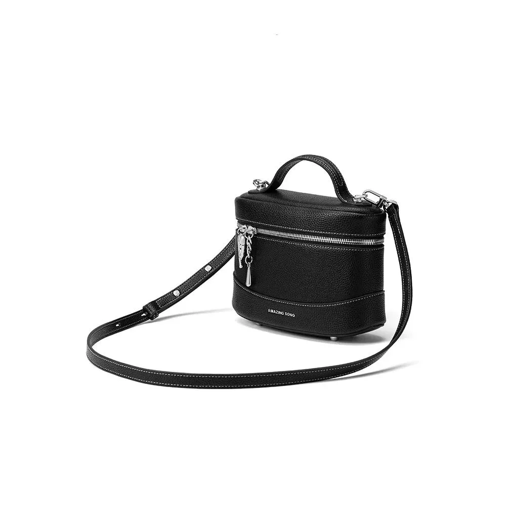 Made from premium split leather, the exterior offers a smooth and polished finish that’s both eye-catching and easy to maintain. Inside, you’ll find a soft synthetic leather lining that protects your essentials while giving the bag a refined touch. Compact yet spacious enough for your phone, cards, keys, and small beauty items, it’s your go-to when you want to travel light without sacrificing style.
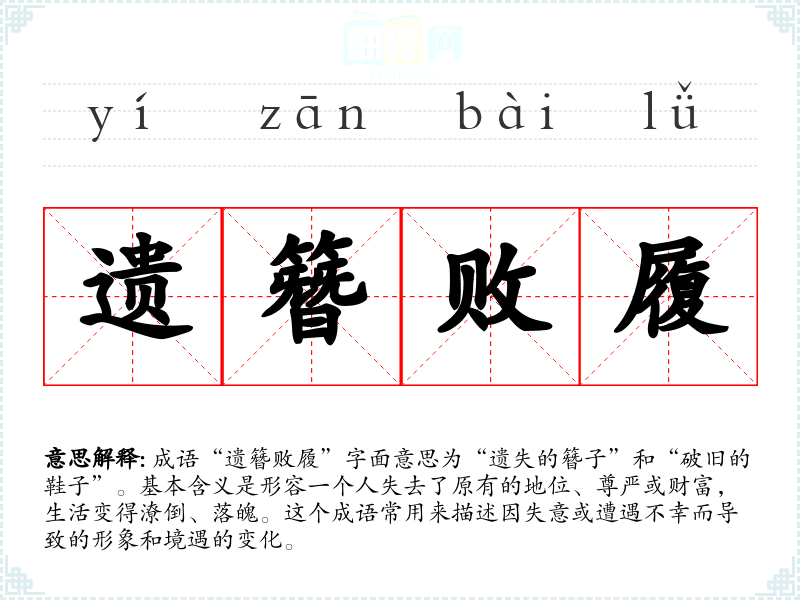 成语“遗簪败履”字面意思为“遗失的簪子”和“破旧的鞋子”。基本含义是形容一个人失去了原有的地位、尊严或财富,生活变得潦倒、落魄。这个成语常用来描述因失意或遭遇不幸而导致的形象和境遇的变化。
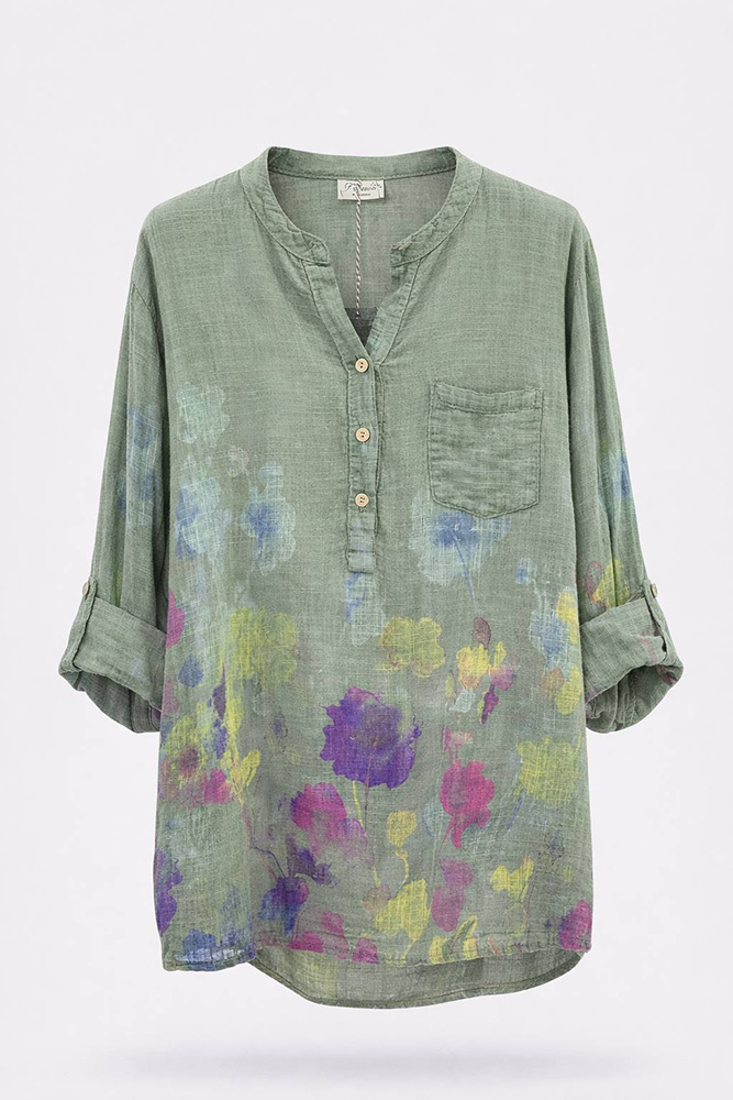 شومیز ایتالیایی هنری طرح گل | فریسایز قوارهدار

**YOUR INSTRUCTIONS**
Would you retype the listing above exactly, omitting its pictures?

**PROBLEM SOLUTION**
 Made from premium split leather, the exterior offers a smooth and polished finish that’s both eye-catching and easy to maintain. Inside, you’ll find a soft synthetic leather lining that protects your essentials while giving the bag a refined touch. Compact yet spacious enough for your phone, cards, keys, and small beauty items, it’s your go-to when you want to travel light without sacrificing style.
 成语“遗簪败履”字面意思为“遗失的簪子”和“破旧的鞋子”。基本含义是形容一个人失去了原有的地位、尊严或财富,生活变得潦倒、落魄。这个成语常用来描述因失意或遭遇不幸而导致的形象和境遇的变化。
 شومیز ایتالیایی هنری طرح گل | فریسایز قوارهدار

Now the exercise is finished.